First, the number must contain the 123456789 and 987654321 sub-sequences. Since only 1 of the digits can be reused (i.e. be contained in both sequences), so the number must be at least 9+9-1=17 digits long. Now, note that the square root is 9 digits long, so its square must be either 17 or 18 digits long. So, the search space is decreased to 4 numbers: 12345678987654321, 98765432123456789, 123456789987654321 and 987654321123456789.

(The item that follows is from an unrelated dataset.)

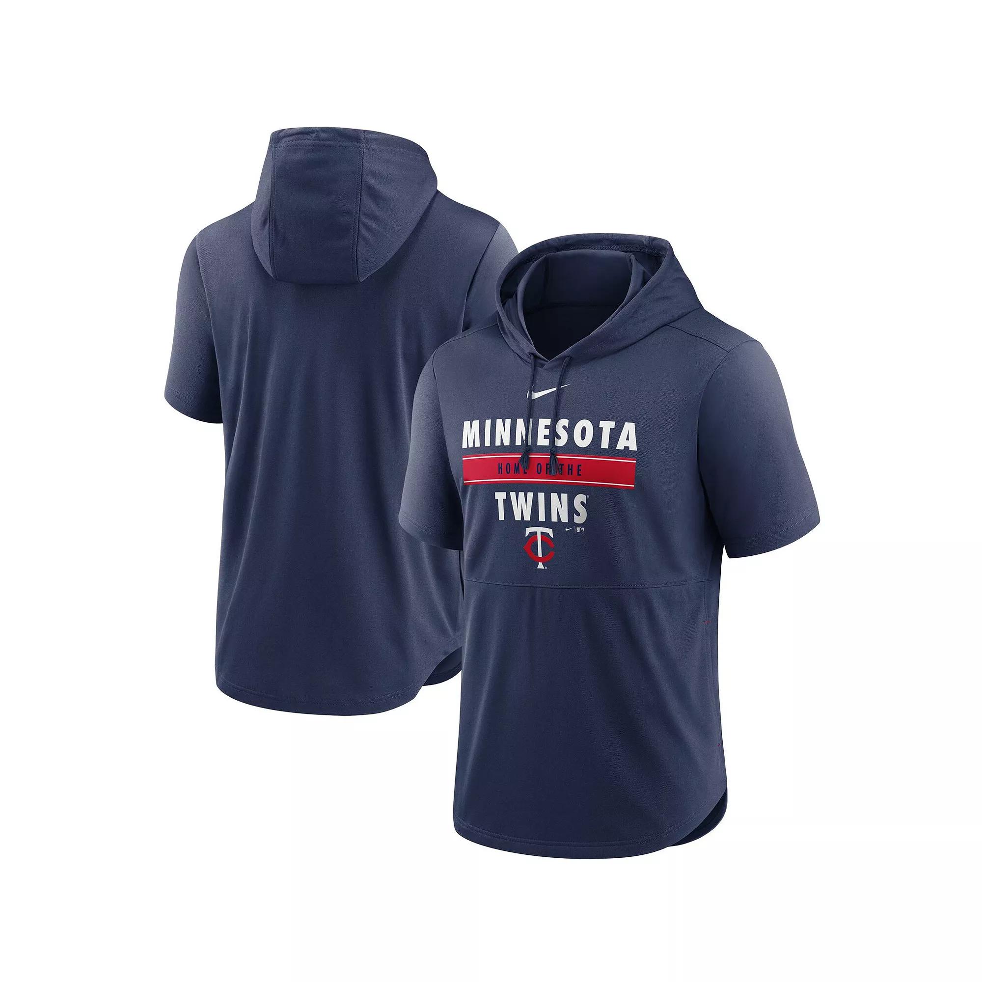Youre a dedicated Minnesota Twins fan through and through. Take your impressive collection of team gear to the next level with this Home Team Short Sleeve Hoodie Top from Nike. It has a stylish hood to put a twist on a classic tee and bold Minnesota Twins graphics to show off your unmatched devotion.Youre a dedicated Minnesota Twins fan through and through. Take your impressive collection of team gear to the next level with this Home Team Short Sleeve Hoodie Top from Nike. It has a stylish hood to put a twist on a classic tee and bold Minnesota Twins graphics to show off your unmatched devotion.PRODUCT FEATURESTagless CollarImportedOfficially licensedMachine wash, tumble dry lowShort sleeveDri-FIT technology wicks away moistureNike Dry fabrics move sweat from your skin for quicker evaporation helping you stay dry, comfortable and focused on the task at handRounded hem with side splitsLightweight for mild temperaturesScreen print graphicsPulloverMaterial: 100% PolyesterHood with drawstringsBrand: Nike Color: TWN NAVY. Gender: male. Age Group: adult. Material: COTTON.

Now, let $S$ be $\sum\limits_{i=0}^n{x^n}$. So, $S^2=\sum\limits_{i=0}^n\sum\limits_{j=0}^n{x^{i+j}}$. This can be reduced to $1x^0+2x+3x^2+\dots+(n+1)x^n+\dots+3x^{2n-2}+2x^{2n-1}+1x^{2n}$ (ones and zeroth powers are explicitly written for clarity), since both $0$ and $2n$ can be represented as a sum of 2 nonnegative integers not greater than $n$ in exactly one way ($0+0$ and $n+n$ respectively), $1$ and $2n-1$ in two ways ($1+0,0+1$ and $n+(n-1),(n-1)+n$), etc. Taking $x=10$ and $n=8$ (so $n+1=9$), we get the result: $111111111^2=12345678987654321$.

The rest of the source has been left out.